Another reason many older Black fans pointed to for not coming out to Phillies games was the harsh treatment that Dick Allen, the team’s first Black superstar received during his time with the team. Allen was often pelted with batteries and heard racial slurs by Phillies fans at Connie Mack Stadium and was cast a villain in a fight with a White teammate. He was eventually traded to the Chicago White Sox. 

“They used to throw their change down there and it felt like a .22 caliber bullet hit,” Allen said to me in an interview with the Philadelphia Tribune in 2005. “It was very tough back then. … it made it awful tough. I could have played longer. It shortens your career.”

But the success of Howard and Jimmy Rollins, who was the National League’s MVP in 2007, and as well as various initiatives by the team brought more African American fans into the ball park. What Howard was accomplishing, especially during his MVP season in 2006, helped Allen come to terms with his own tough experience in Philadelphia. 

“A lot of the adversity has been cleared from the Jackie Robinson days to the Dick Allen days, where those things have subsided and [Howard] can concentrate just doing what he’s doing now,” Allen told me back in 2006. “It’s almost a healing kind of thing; it happened back then unjustly. But it’s setting a tone where it will make it easier for your grandson or my grandson.

“It got around the world, ‘Oh no, we don’t want to be with the Phillies; look what they did to over there to this person and some of them didn’t want to be here.’ That’s the biggest change and the most important change to make players even want to come here. Howard and fellows like that can change all that.”

Allen was quite prophetic — Howard became one of the city’s most beloved superstars and a Phillies legend by the time his career was done. 

“Allen was so helpful to me,” Howard said. “We’d have conservations and he would give me tidbits of information to help me to go along and to try to carry the torch a little bit because we know the history of city and the organization. But we were just trying to go out and win. We kept it simple and whatever else came with it, came with it. We wanted to go out and put on a good show for the fans and everybody came out.”

When the Phillies won five straight National League East titles, two National League pennants, and one World Series title in 200, Howard was the most feared and dominant hitter in baseball. 

Howard was often the last guy an opposing pitcher wanted to face with runners in scoring position.  During Howard’s MVP year in 2006, former Cincinnati Reds manager Jerry Narron said Howard was in scoring position even with the bases empty.

Howard, who also was known as The Big Piece, had the ability to carry the team through tough stretches of the season when the team was winning division titles. 

After injuring his Achilles tendon on the last out of the 2011 National League Division series, Howard wasn’t the same player he was during the Phillies playoff years.
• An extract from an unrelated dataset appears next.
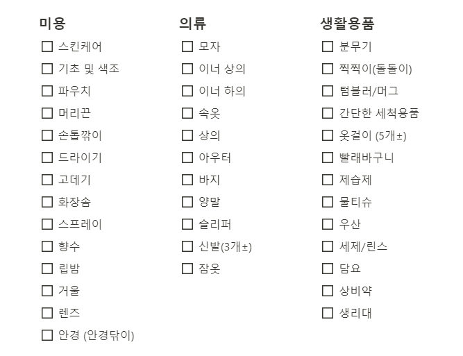 이전 글 남자 버전 기숙사 준비물 리스트에 이어서 여자버전 템플릿 공유입니다. 성별 간 큰 차이는 없으나, 생활용품 등의 일반적인 차이가 있다 보니 편의를 위해 별도로 제작했습니다.

Is Howard a Hall-of-Famer?

When it comes to Baseball Hall-of-Fame consideration, I don’t think Howard will get in because of longevity and numbers. But another of way of looking at it would be to take what I call the Gale Sayers approach.  

Sayers, who played five years in the more brutal and injury-prone of pro football-only played five year but  was arguably one of the most dominant and exciting players in the game during that time before injuries ended his career. 

You could say same thing for Howard who was one of the game’s most feared  sluggers from 2005 to 2011. He was the Rookie of the Year (2005) and the National League MVP and was in the Top Five in the voting five times.

But because baseball and its writers are married to numbers and analytics, I don’t think Howard gets in. He was still one helluva player, however, and a class act.